26. It is acknowledged by the Customer and Flex Fitness Equipment that the Australian Consumer Law and other laws may imply conditions or warranties in certain contracts and also give parties to those contracts certain other rights against suppliers of goods and services. To the extent such conditions, warranties or other rights are implied or given in respect of this agreement and it is not lawful or possible to exclude them, then such conditions, warranties or other rights shall (but only to the extent required by law) apply to this agreement and all other conditions, warranties or rights which might but for this provision be implied are hereby expressly excluded. Where the law implies any term or warranty into these terms and conditions which cannot be excluded, then the liability of Flex Fitness Equipment for any breach of such term will be limited in the manner permitted under section 64A of the Australian Consumer Law to one of the following (as Flex Fitness Equipment may determine):

(i) in the case of goods supplied, to any one or more of the following:
(a) replacement of the goods or the supply of equivalent goods;
(b) repair of the goods;
(c) payment of the cost of replacing the goods or of acquiring equivalent goods;
(d) payment of the cost of having the goods repaired; and

(ii) in the case of services supplied, to any one or more of the following;
(a) supply of the services again; or
(b) payment of the cost of having the services supplied again;
(c) in the event that Flex Fitness Equipment (as a deemed “manufacturer”) has a liability to the Customer (as a “Company”) then, subject to the terms of section 276A of the Australian Consumer Law such liability is limited to a liability to pay to the Customer an amount equal to whichever is the lesser of the cost of:
(A) replacing the goods;
(B) obtaining equivalent services; or
(C) having the goods repaired.

27. The Customer must immediately check all Hire Charges, and any disputes in relation to those Hire Charges must be communicated to Flex Fitness Equipment in writing within 30 days of the Hire Agreement date. In the event that no communication is received from the Customer within that 30 day period, the Hire Charges are deemed to be accepted by the Customer.

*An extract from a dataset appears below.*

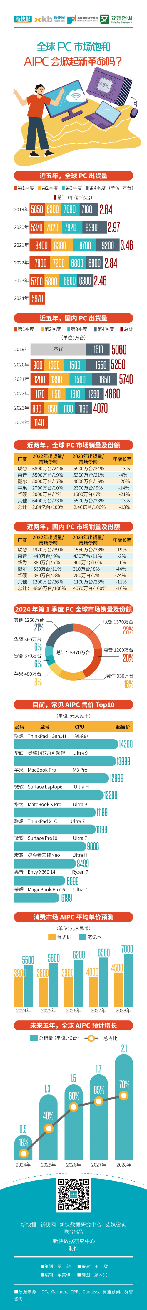 在全新理念的加持下,PC市场从今年第一季度开始复苏。而据市场研究机构Gartner预测,到2024年底,全球AIPC出货量将占到PC总出货量的1/5左右,而到了2026年,AIPC就将正式成为家用电脑市场的主流,非AI的普通PC会大幅降价,届时AIPC的单价也将逐渐稳定在1000美元的价位上。

28. Flex Fitness Equipment will comply with the Australian Privacy Principles in all dealings with Customers. A copy of the Flex Fitness Equipment Privacy Statement is available upon request or by visiting www.FlexFitnessEquipment.com.au.

29. If any part of this Hire Agreement becomes void or unenforceable then that part shall be severed to the intent that all parts that are not void or unenforceable shall remain in full force and effect. If this Hire Agreement is held to be a standard form small business contract then any clause or term which is deemed to be unfair pursuant to the Australian Consumer Law by any competent authority or the Courts, will be severed from this Hire Agreement.

30. This Hire Agreement shall be governed and construed in accordance with the laws of Western Australia and the parties submit to the jurisdiction of the Courts of Perth, Western Australia and waives any right to object to any proceedings being brought in those Courts.

By hiring/renting equipment from us, you confirm that you have read, understood and accept the terms and conditions of the Hire Agreement.